(Bloomberg) — Two of the largest U.S. steelmakers posted record quarterly profit that easily beat analysts’ estimates during the greatest steel rally in a generation.
Yet investors clearly focused more on the outlook from Nucor Corp. and Cleveland-Cliffs Inc. Cliffs projected higher full-year earnings that didn’t appear to be enough to satisfy investors already enjoying strong returns. Nucor gained after its chief executive officer said on an analysts’ call that third-quarter shipments will be slightly better than the prior quarter.
Nucor shares ended the day 1% higher in New York trading while Cliffs stock pared losses to close down 0.5%. The second quarter set a new benchmark for profits by the metal makers amid a generational rally that has boosted benchmark domestic steel prices more than 75% this year.
Nucor, the largest U.S. producer, and Cliffs, the second largest, said they expect to extend the record streak into the third quarter, following a similar prediction earlier this week by Steel Dynamics Inc.

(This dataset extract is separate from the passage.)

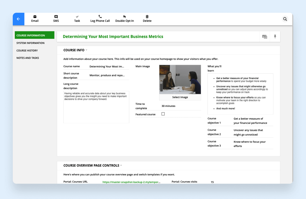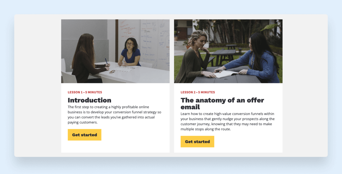 - Plug your course content into lesson templates to easily publish
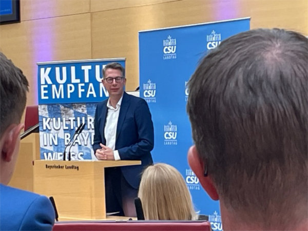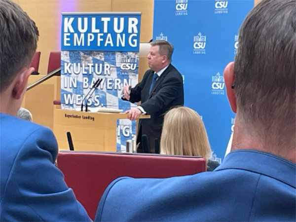 Beim Kulturempfang der CSU am Donnerstag, 15.06.2023, wurde der BMR von Jürgen Schwarz und Karin Rawe vertreten. Vor zahlreichen Repräsentanten aus den verschiedenen Sparten von Kunst und Kultur forderte Robert Brannekämper, Vorsitzender des Ausschusses für Wissenschaft und Kunst, für die kommende Legislaturperiode weitere Anstrengungen zur Unterstützung von Künstlerinnen und Künstlern, auch im finanziellen Bereich. Staatsminister Blume unterstrich die Freiheit der Kunst, die von der Politik respektiert werden müsse und bezeichnete die Laienmusik als den „Sound Bayerns“.

Cliffs upped its guidance for earnings before interest, taxes, depreciation and amortization, but didn’t specifically cite its steel price assumptions. That gives investors cause for concern, according to Keybanc Capital Markets analyst Phil Gibbs.
Cliffs “missed our second-quarter number and our third-quarter outlook,” Gibbs said in an email. “They moved guidance to $5.5 billion for the year versus a prior $5 billion, but I think investors were thinking higher.”
Nucor CEO Leon Topalian said on the earnings call that he expects third-quarter steel shipments to be “slightly higher” sequentially, indicating that all of its end markets are growing. The Charlotte, North Carolina-based steelmaker is seeing signs of activity in its business that supplies the oil and gas industry, while inventories for the automotive sector are “staggeringly” low, he said.
(Adds Nucor CEO comments in second and sixth paragraphs, updates shares.)